In a conventional neuron in a recurrent neural network, both the previous cell activity and the current input are combined and passed through a hyperbolic tangent activation function. In a unit in a LSTM network, the internal processing is more complicated. Such a unit possess two states, one state is called Cell State and the other Hidden State. These two states are passed through the recurrent connections instead of a neuron’s activity. Furthermore, the unit employs several gates to determine how large the contribution is of the previous cell states and current input to the new cell states and current output. A forget gate determines based on the previous Hidden State and current input how much of the previous Cell State should be kept. An input gate determines based on the previous Hidden State and current input how much of the current input should be added to the Cell State. An output gate determines based on the previous Hidden State and current input how much Cell State should be passed as output and as new Hidden State. By endowing LSTM units with these states and gating mechanisms, the vanishing and exploding gradient problem has been partially amended.
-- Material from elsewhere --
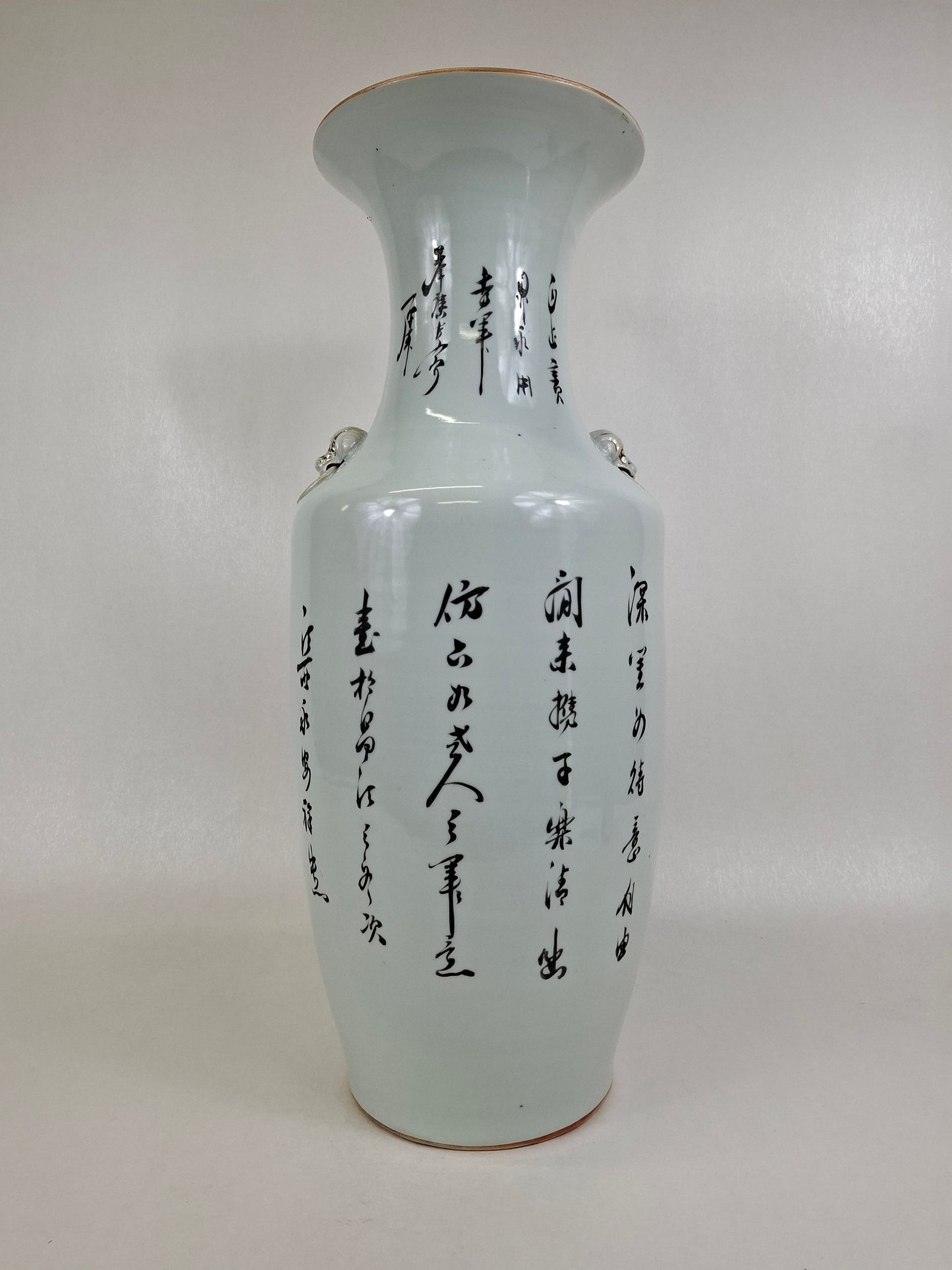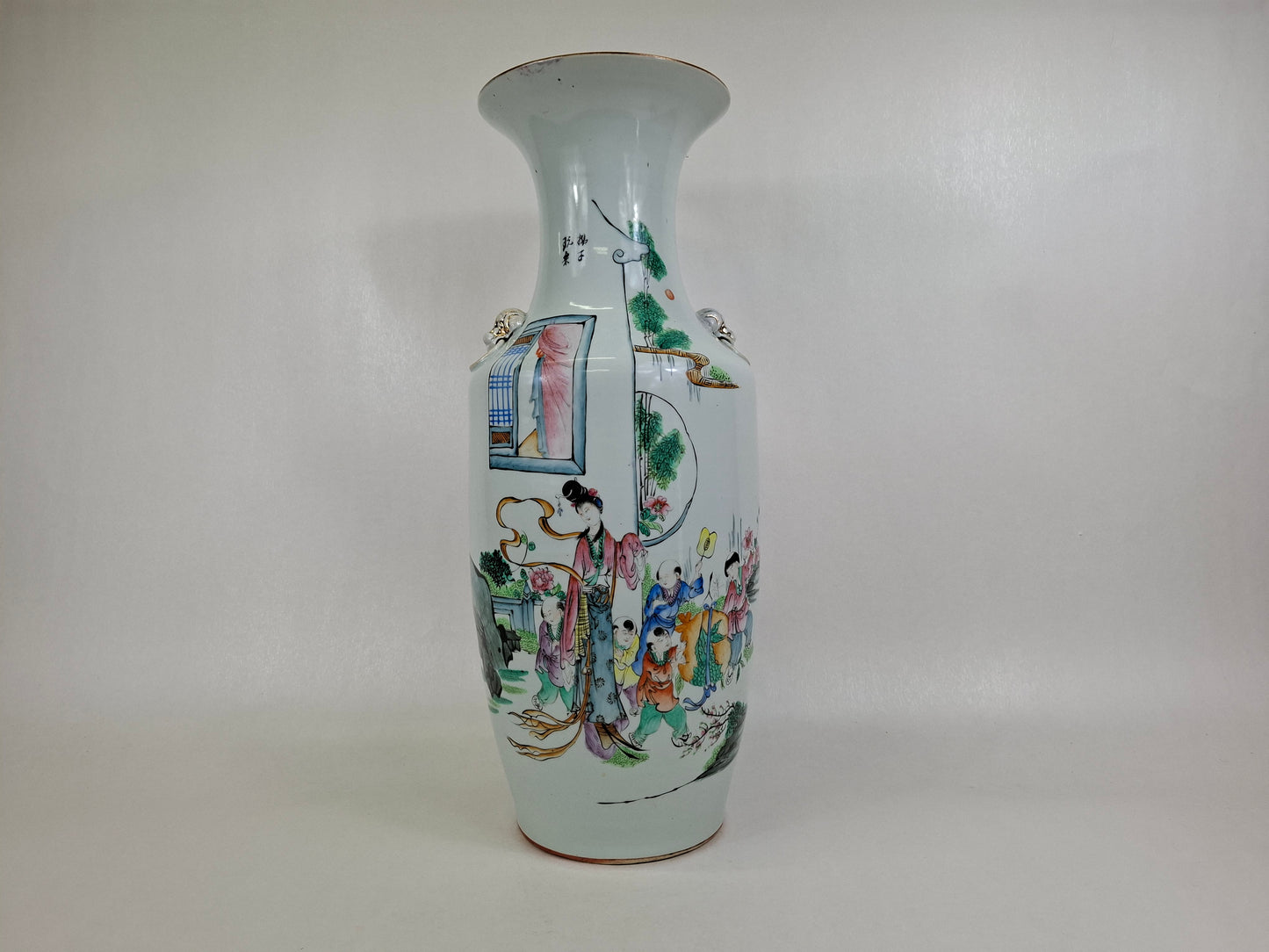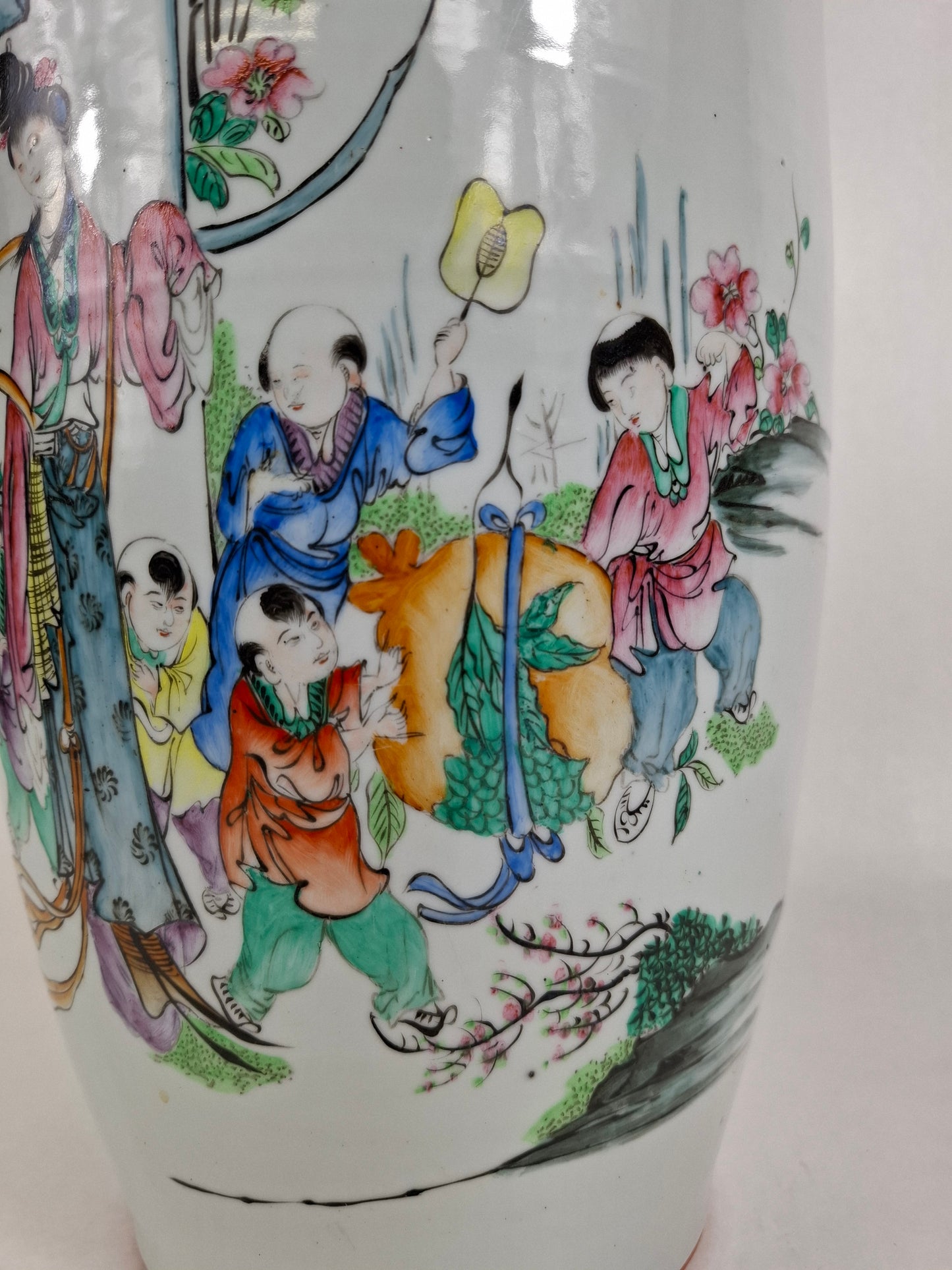 一件大型古董钱江瓷花瓶,饰以花园景致,描绘了嬉戏的孩童。瓶背饰有中国书法,象征着一首诗。该花瓶产于中国,可追溯至民国时期(1912-1949)。

Convolutional Neural Networks
Convolutional neural networks have been originally invented in the context of computer vision. These networks are particularly suitable for image processing applications. Convolutional neural networks don’t consist of neurons and weighted connections. Instead, they employ convolution kernels.
Convolution
Convolution is a standard method in image (and also audio) processing. In image processing, kernels are used for example for blurring an image or for increasing it’s contrast. When applying convolution to an image, a kernel (a small square matrix) is moved across the image (a large matrix) and at each position, the dot product is calculated between the values of the kernel and the values of the region in the image that is covered by the kernel.
In a convolutional neural network, convolution is employed to extract features from data that is organised in matrices. For each kernel and each matrix, a convolution operation results in the creation of a new matrix. The values in the new matrix represent how much of a feature encoded by a kernel was present in the processed matrix. For this reason, these new matrices are named feature maps.
Convolution Parameters
There exist several parameters that affect how a convolution operation is executed. The most important parameters are Padding and Stride.
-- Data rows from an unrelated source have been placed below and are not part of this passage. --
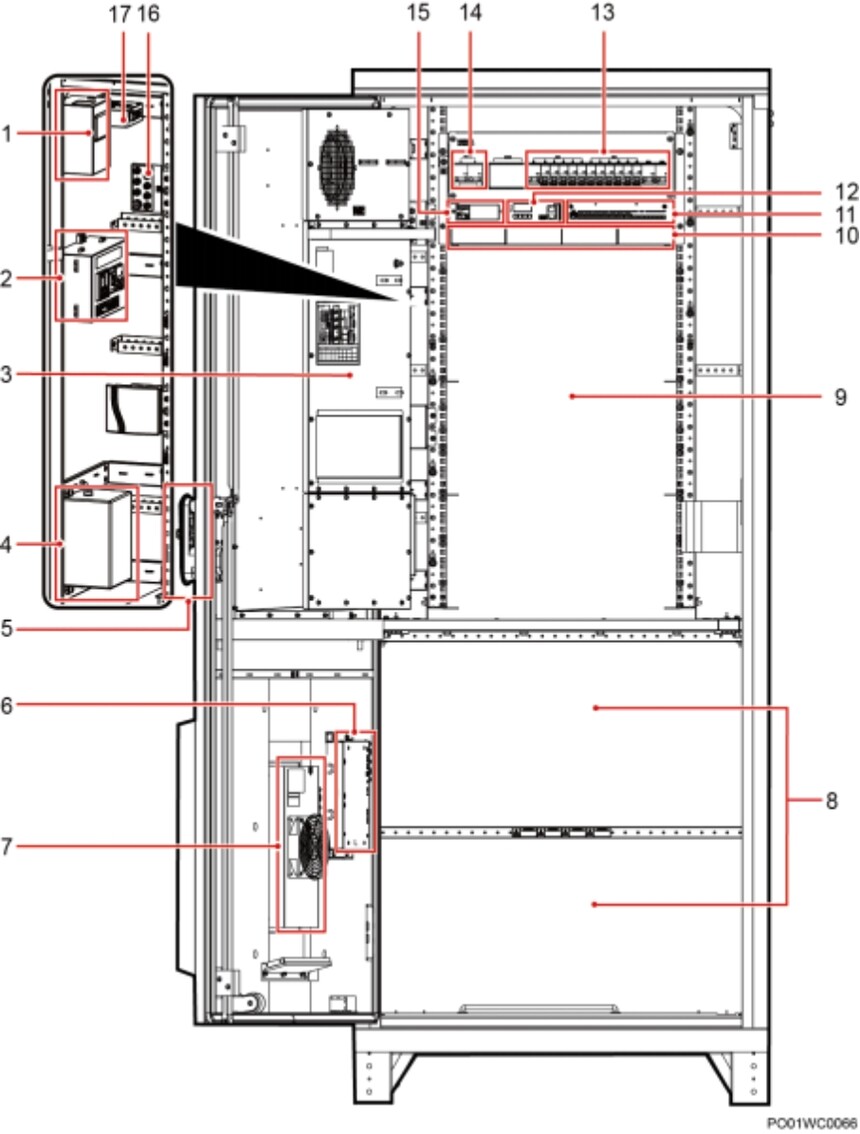 (1)智能电表(选配) (2)维护插座(选配) (3)HXC70S 热交换器 (4)蓝牙控制器(选配) (5)电子门锁(选配) (6)TCUA 控制盒 (7)TEC 模块 (8)电池安装空间 (9)用户设备安装空间 (10)整流模块安装空间 (11)用户接口模块 (12)监控模块 (13)直流配电单元 (14)交流输入空开 (15)电池强制上电开关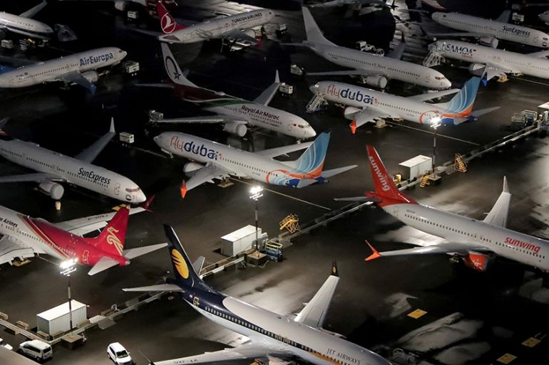 Boeing and the FAA are grappling to contain a crisis in the wake of two 737 MAX crashes that have left 346 people dead, forced airlines to ground more than 300 aircraft, and put on hold Boeing deliveries worth more than $500bn [File: Gary He/Reuters]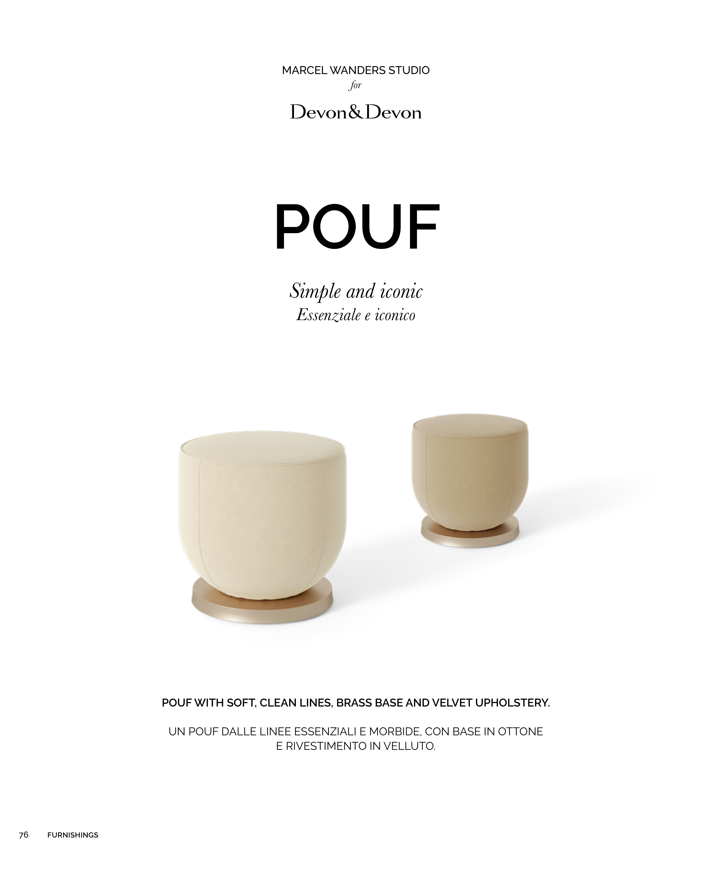 UN POUF DALLE LINEE ESSENZIALI E MORBIDE, CON BASE IN OTTONE

Padding is used to extend the size of a feature map before applying convolution. Such an extension can be achieved by adding columns and rows to the edges of a feature map that either contain zeros or the values at the original edges. By padding a feature map, it can be avoided that the resolution of the new feature map decreases because a kernel doesn’t cover the edges.
Stride refers to the offset that is applied when a kernel traverses a feature map. With a Stride bigger than 1, a kernel skips rows and columns during traversal.
Pooling
Other operations that are frequently used in convolutional neural networks are so called pooling operations. The purpose of pooling is to quickly reduce the size of a feature map while preserving its most important features. Pooling operations are similar to kernels in that they are applied to regions of a feature map by sliding across the map, and in that they output a scalar value for each region of the feature map they are applied to. Pooling operations are different from kernels in that they have no trainable parameters. The following pooling operations are common: max pooling, sum pooling, mean pooling. Max pooling outputs only the highest value in a region and discards all other values. Sum pooling outputs the sum all values in a region. Mean pooling outputs the mean of all values in a region.
Layers and Feature Maps
A Convolutional neural network is organised into layers. Each layer contains a set of feature maps and kernels. From input to output, the number of feature maps typically increases and their resolution decreases. In a Convolutional neural network that is used for classification such as the one depicted below, there is a transition from convolutional layers to conventional layers of an artificial neural network. Since conventional artificial neural network don’t work on data in the form of matrices, the matrices need to be “flattened” into one-dimensional vectors.
Benefits
Convolutional neural networks possess two main benefits over conventional neural networks. First, they take into account the spatial characteristics of the data they operate on. This allows them to exploit for example the fact that regions in an image that are close together are typically more similar to each other than those that are further apart. Second, kernels represent the trainable parameters. Since kernels are shared across all the regions of a feature map, the number of trainable parameters is much lower than if each value in a feature map would be associated with a conventional neuron which possesses connections to each neuron in the next feature map.